In digital systems, proceeding from a simple feedback to a cascade configuration requires only one hardware component — a device to measure the inner loop variable. In level control schemes, the sensor monitors flow through the final control element. This permits configuring a flow controller and implementing a level-to-flow cascade. The level controller (in the outer or master loop) provides the set point to this flow controller (in the inner or slave loop).

In most cascade applications the objective is to improve control of the outer loop variable. Level control differs in this regard. Especially when used with surge vessels, the aim is to allow level to vary as much as possible "within reason" (meaning that no high or low level trips occur during routine process operations). Rarely can you justify purchase and installation of a flow meter on the basis of improved control of vessel level.

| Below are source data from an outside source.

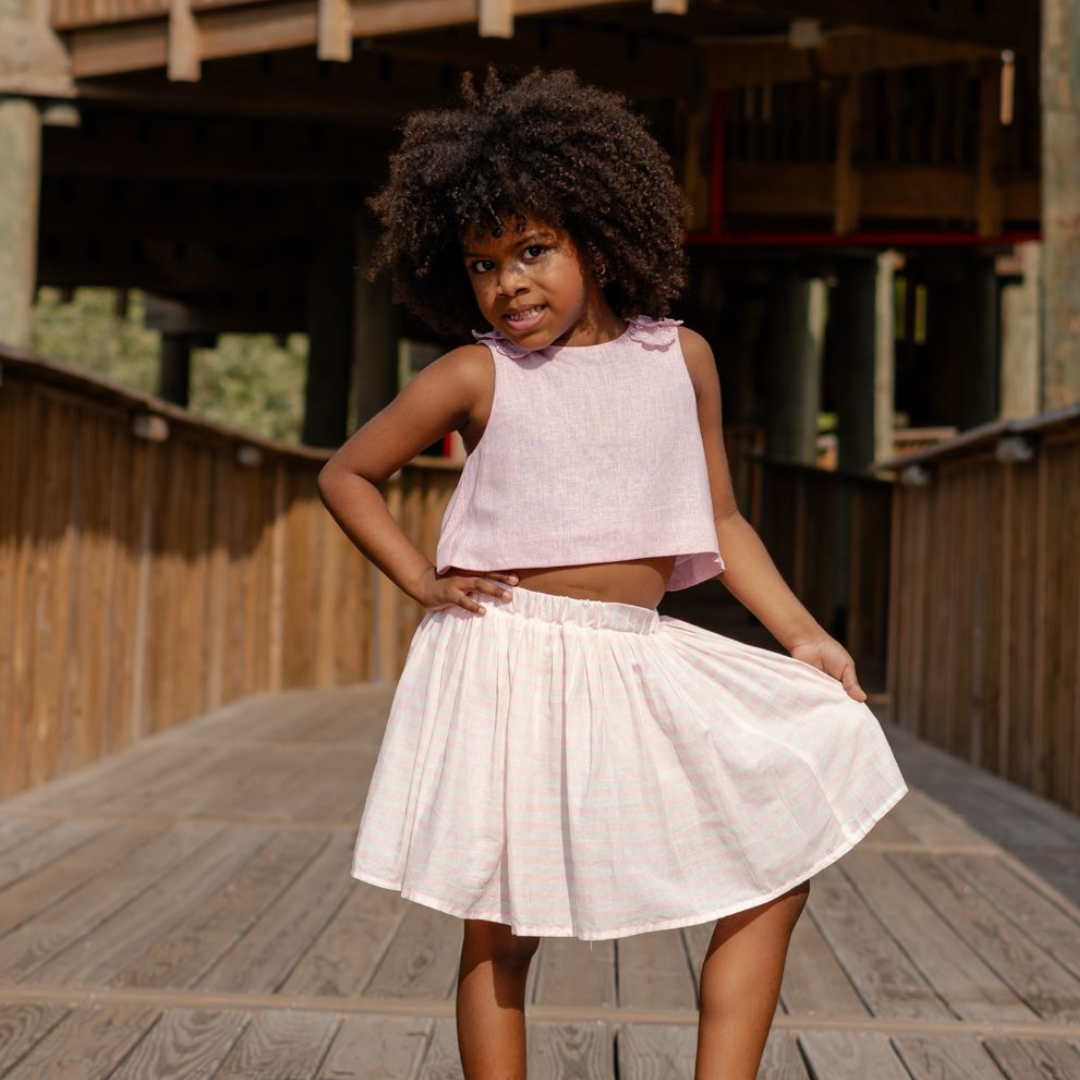 Este conjunto combina la suavidad y frescura de la blusa con la versatilidad y estilo de la falda, creando un look equilibrado y femenino.
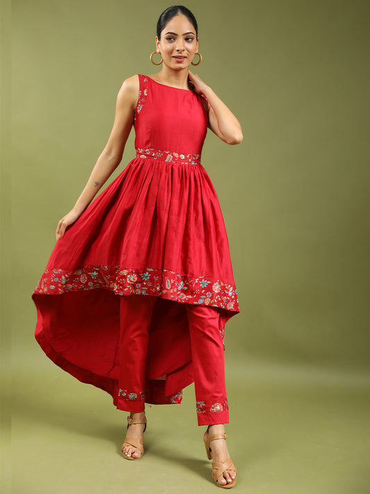 Floral Embroidered Printed Dazzling Red Silk Skirt Set
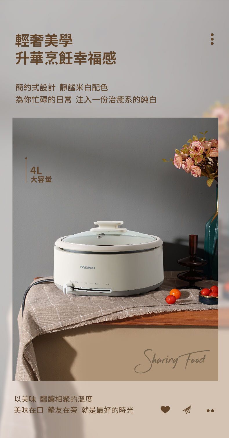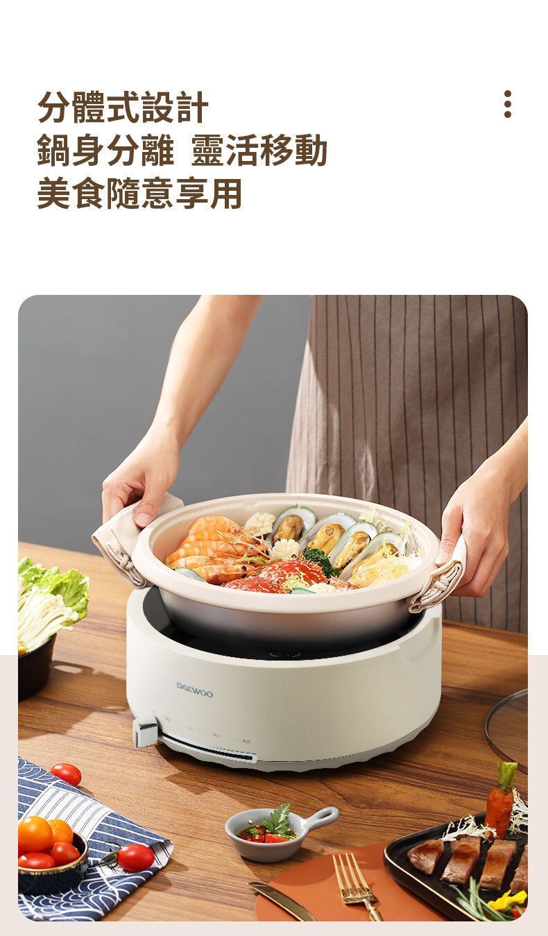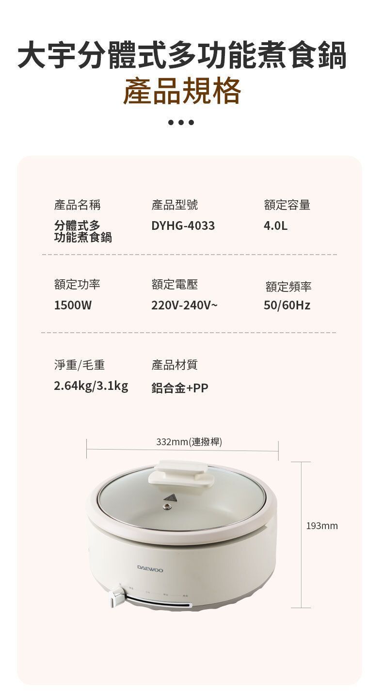 DAEWOO大宇推出分體式多功能煮食鍋(型號DYHG-4033),採用韓式簡約設計與靜謐米白配色,為廚房注入輕奢美學。產品具備4L加深容量,適合4至6人家庭聚會使用。其分體式鍋體設計可輕鬆端拿,並支援可浸泡清洗,不易漏電。鍋具採用包裹式發熱及中凸螺紋底盤,升溫效率快,能鎖住食物鮮嫩。1500W大火力配合滑動控溫,提供低檔慢燉、中檔鎖鮮、高檔加熱及恆定保溫多種模式,無論煎炒燜炖或熬煮鮮湯皆可勝任。可視化玻璃鍋蓋便於觀察烹飪狀態,搭配不黏塗層與加深型設計,清洗方便且湯汁不易外濺。
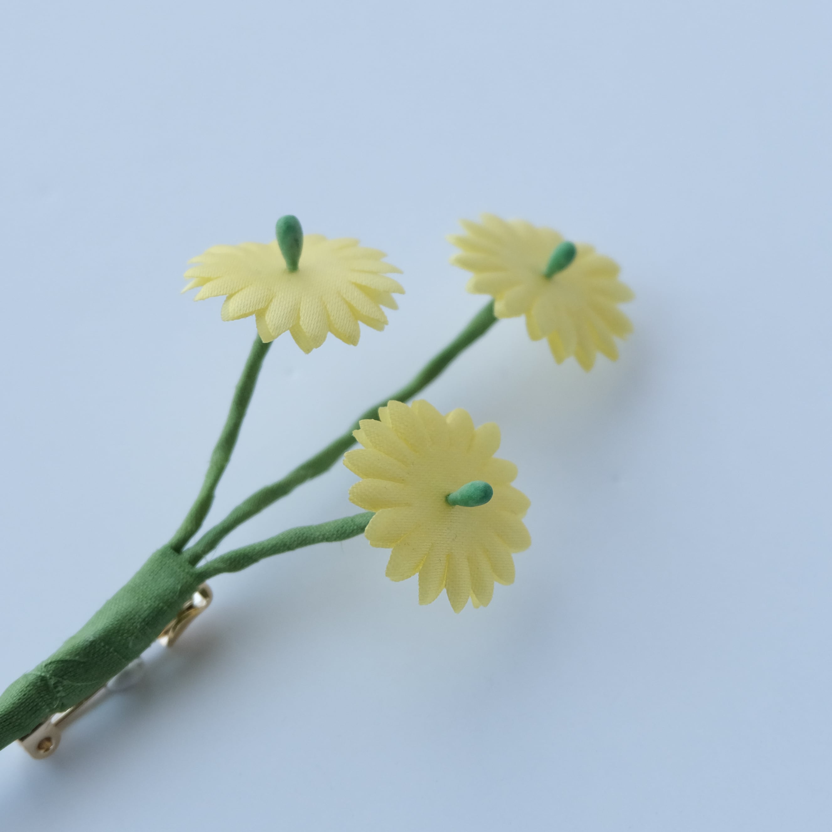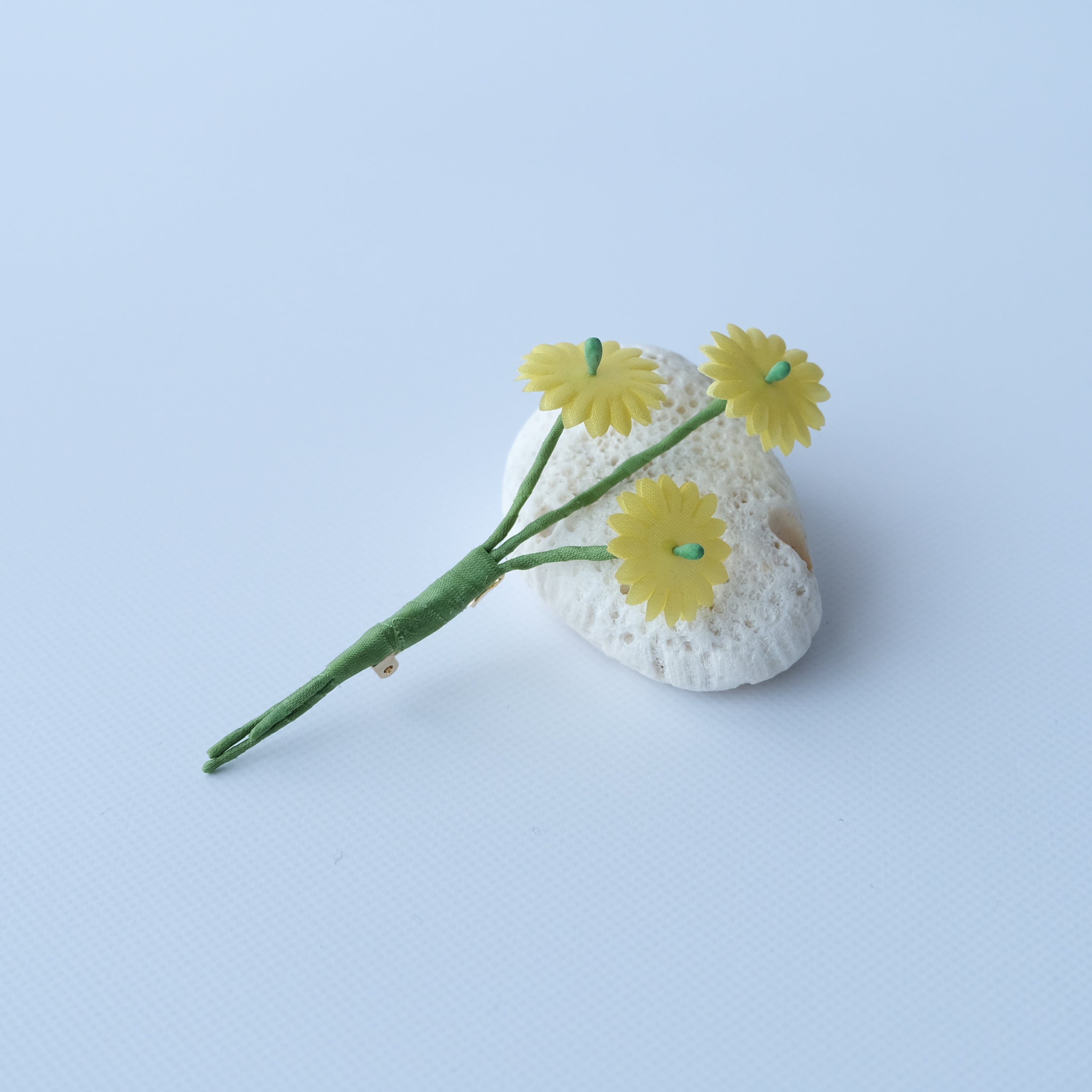 爽やかで柔らかいレモンイエローのお花をブローチに。

 Alternating Filters Figure 1. Switching to a clean filter causes disturbance to discharge flow.
Alternating Filters
Figure 1. Switching to a clean filter causes disturbance to discharge flow.

Particularly with surge vessels, the level controller intentionally is tuned to respond slowly — with the objective of maintaining as smooth a discharge flow as vessel capacity permits. Any disturbance to the discharge flow will affect vessel level but not very quickly, thus exposing the downstream processing unit to upsets from the altered flow.

FILTER ON DISCHARGE FLOW
In the process shown in Figure 1, the discharge flow goes through one of two cartridge filters, with only one in service at a given time. As fluid passes through, pressure drop across the filter slowly increases. When this pressure drop attains a specified value, the flow is switched to the other filter.

On switching to the clean cartridge, the pressure drop across the filters abruptly decreases. The major consequence is a sharp increase in discharge flow. This affects vessel level but the impact, except for possibly raising the probability of a process trip on low level, is of no concern. What is of concern is the potential repercussion of the higher flow on the downstream unit.

 Constant Feed Rate Figure 2. Switching filters increases discharge flow, spurring decrease in level.
Constant Feed Rate
Figure 2. Switching filters increases discharge flow, spurring decrease in level.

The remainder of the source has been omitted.